NOTE: Suppose three separate contracts for supply are given to M/S ABC by the Health Department of the Government of West Bengal and the value of taxable supply is below Rs.2.5 Lakh in case of each contract though their combined value is more than Rs.2.5 Lakh; in such case no deduction is required to be made since value of taxable supply in neither of the contract exceeds Rs. 2.5 Lakh.
6.1 Rate of deduction of tax:
There are 4 types of taxes in GST – Integrated Tax (IGST), Central Tax (CGST) and State Tax (SGST) / Union territory Tax (UTGST). The deduction in case of intra-State supply (supply within a State) will be CGST & SGST (in case of Union territory without legislature, it will be CGST & UTGST), and the deduction in case of inter-State supply (supply from one State to another) will be IGST. Rate of such deduction is @ 2% [i.e. 1% each on CGST & SGST/UTGST component] on the amount paid/credited in respect of intra-State supply & @ 2% [as IGST] on the amount paid/credited in respect of inter-State supply.
6.2 Illustration of various situations requiring determination of value of supply for deduction of tax:
6.2.1 Supplier is registered and contract value is excluding GST:
Example 1: Supplier X makes taxable supply worth Rs. 10,000/- to a Municipality where contract for supply is for Rs.15,00,000/-. The rate of GST is 18%. Supplier and the deductor are in the same State. Following payment is being made by this Municipality to X:
Rs. 10,000 (value of Supply) + Rs 900 (Central Tax) + Rs 900 (State Tax).
Value of supply = Rs.10,000/-
Tax to be deducted from payment:
Central Tax = 1% on Rs.10,000/- = Rs.100/- ; State Tax = 1% on Rs.10,000/- = Rs.100/-
Payment due to X after TDS as per GST provisions: Rs. 11600/-
6.2.2 Supplier is registered and contract value is inclusive of GST:
Example 2: Supplier Y of Mumbai makes taxable supply worth Rs. 10,000/- & exempted supply worth Rs. 20,000/- in an invoice/bill of supply to Finance Deptt. of GoI located in New Delhi where contract for supply is for Rs.6,00,000/-(Rs.2,60,000 for taxable supply including GST and Rs.3,40,000 for exempted supply).
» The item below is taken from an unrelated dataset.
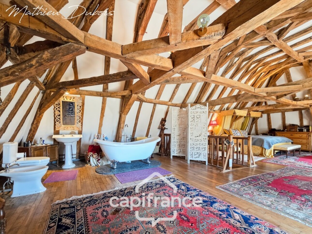 - Trois suites parentales, dont une majestueuse sous la charpente “bateau” d'origine. Deux autres chambres, salle de bains, dressing, et de beaux dégagements structurent les étages.
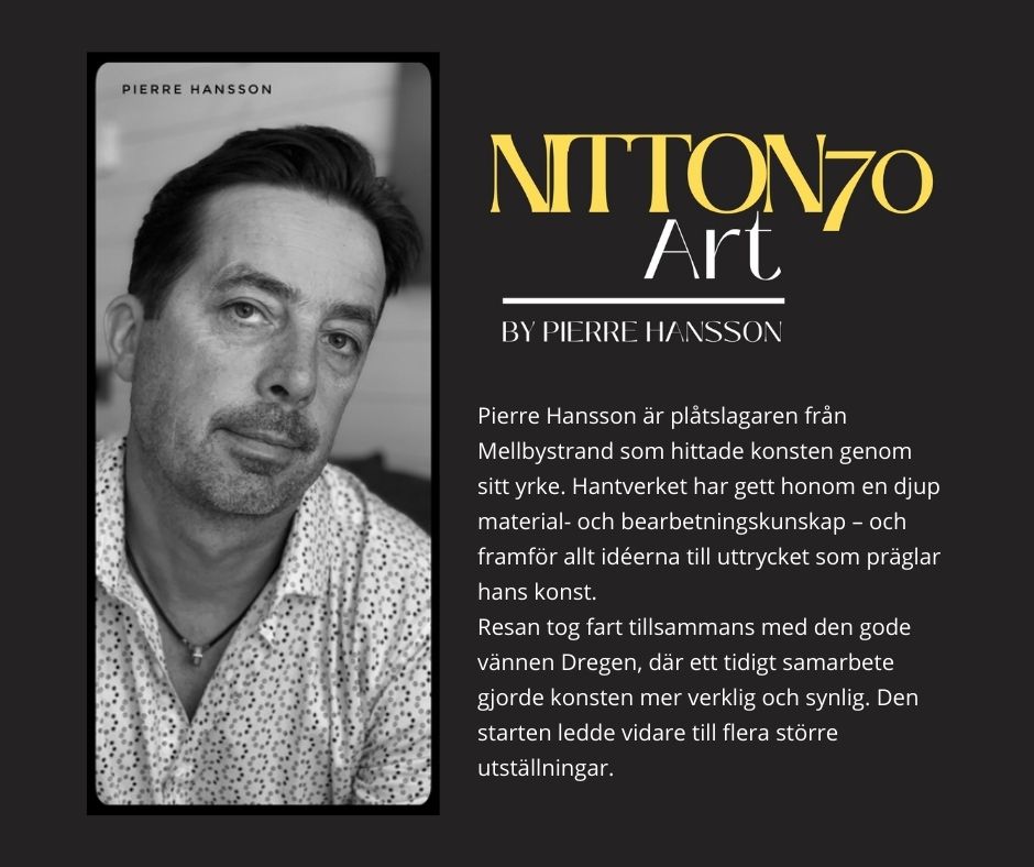 Pierre Hansson är plåtslagaren från Mellbystrand som funnit konsten via sitt yrke. Yrket har givit honom både materialkunskap och bearbetningskunskap samt ideér.

The rate of GST is 18%. Following payment is being made by GoI to Y:
Rs.10,000/-(value of taxable Supply) + Rs.1,800 (Integrated Tax) + Rs.20, 000/-
(value of exempted Supply).
Whether any deduction of tax is required?
Value of taxable supply in the contract= Rs.2,60, 000/- (including GST) Value of such contract excluding tax= 260000×100/118= Rs.220340/-
Since the value of taxable supply in the contract does not exceed Rs.2.5 Lakh, deduction of tax is not required.
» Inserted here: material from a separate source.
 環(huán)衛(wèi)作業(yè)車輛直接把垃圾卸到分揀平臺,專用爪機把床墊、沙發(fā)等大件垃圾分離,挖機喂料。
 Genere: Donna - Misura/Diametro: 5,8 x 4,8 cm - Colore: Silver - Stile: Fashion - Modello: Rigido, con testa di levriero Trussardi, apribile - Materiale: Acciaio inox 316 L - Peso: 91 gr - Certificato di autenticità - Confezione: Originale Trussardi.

6.2.3 Supplier is registered under composition scheme:
Example 4: Supplier ZA is a person registered under the composition scheme in Jharkhand who makes taxable supply worth Rs. 10,000/-to a Local Authority of Jharkhand where value of taxable supply under the contract is for Rs.2, 55,000/-
Following payment is being made by the Local Authority of Jharkhand to ZA:
Rs.10, 000/- Value of taxable supply under the contract is Rs.2, 55, 000/- which is more than Rs.2.5 Lakh and hence deduction of tax is required.
7. Persons liable to deduct tax under GST Law:
As per the provisions of the GST Law, the following persons are mandatorily required to deduct TDS:-
(a) a department or establishment of the Central/ State Government; or
(b) local authority; or
(c) Governmental agencies; or
(d) such persons or category of persons as may be notified by the Government on the recommendations of the Council.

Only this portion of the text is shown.